Post-match I couldn't help but wonder why I had never made a pie. So, I took inspiration and instruction from a recipe for parsnip and steak pie in Gregg-cuddly-cockney-of-MasterChef-fame-Wallace's A cook's year in order to come up with a Norwich city "match pie" of my own. 'ere we go...
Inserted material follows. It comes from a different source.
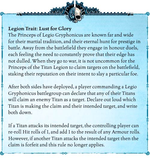 Unlike many of the other Titan Legions, all three of the War Griffons' personal traits are useful. The most obviously powerful of these is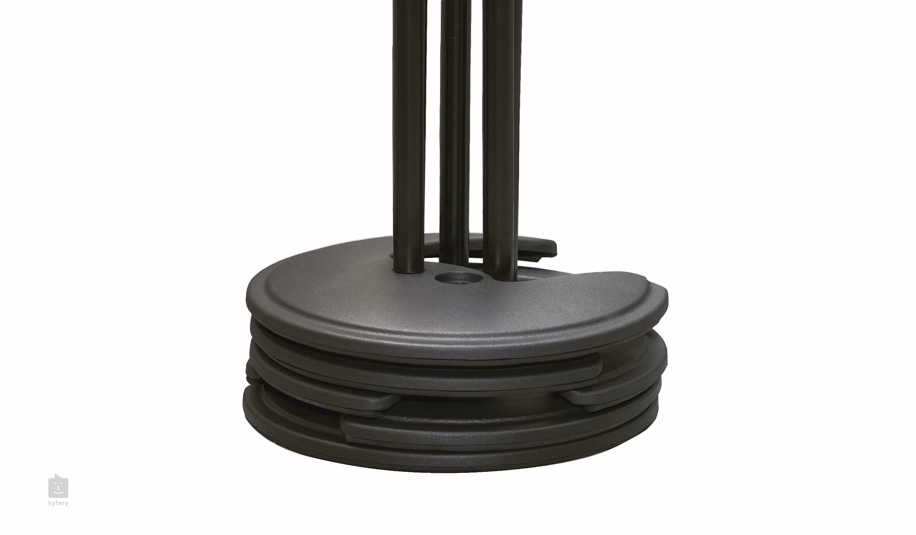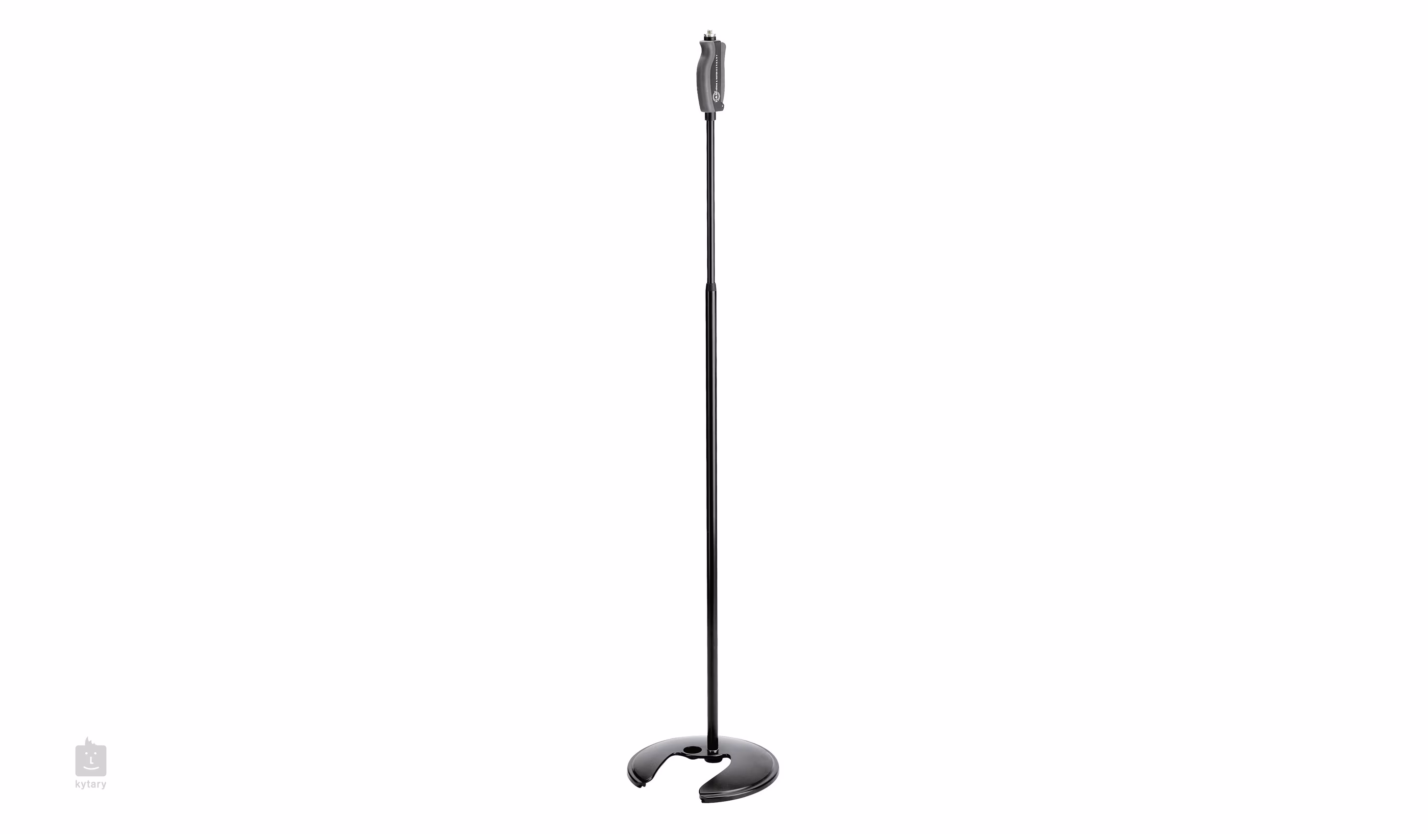 Stalowy statyw mikrofonowy z płaską żeliwną podstawą o specjalnej konstrukcji umożliwiającej sztaplowanie do pięciu statywów tego typu. Posiada również unikalny mechanizm blokujący, który pozwala na łatwą regulację wysokości przy użyciu tylko jednej ręki.

a dash of sunflower oil, a knob of butter, 450g stewing steak, 1 onion finely sliced, 1 tbsp flour, 250ml vegetable stock, 150ml Broadside ale, 1 tsp thyme, 1 teaspoon Colman's wholegrain mustard, 1 tsp Marmite, 450g mix of parsnips and carrots thickly sliced, 250g puff pastry
Preheat the oven to 180 C - melt oil and butter - brown meat - remove meat and place in pie dish - sweat onions - add flour - fry for a few minutes - add stock and boil - add ale, thyme, mustard and marmite - bring to the boil and pour the sauce over the meat - braise in the oven for an hour - meanwhile blanch parsnips and carrots in boiling water for 3 minutes - drain - [time passes] - add vegetables to the meat - braise meat and veg for a further hour - leave for a few hours or overnight to cool - [did I mention this is a delayed gratification pie?]
- preheat the oven to 220 C - roll out pastry on a floured surface until it is larger than the pie dish - cut 2.5cm strips and stick these to the edge of the pie dish with water - place the pastry on top of the pie - push the pastry together firmly at the edges to seal - make pastry leaves to decorate if you fancy (I did) - glaze with milk or beaten egg - bake for 30 minutes.
A little over-golden brown perhaps but I don't mind. Look, I made a pie!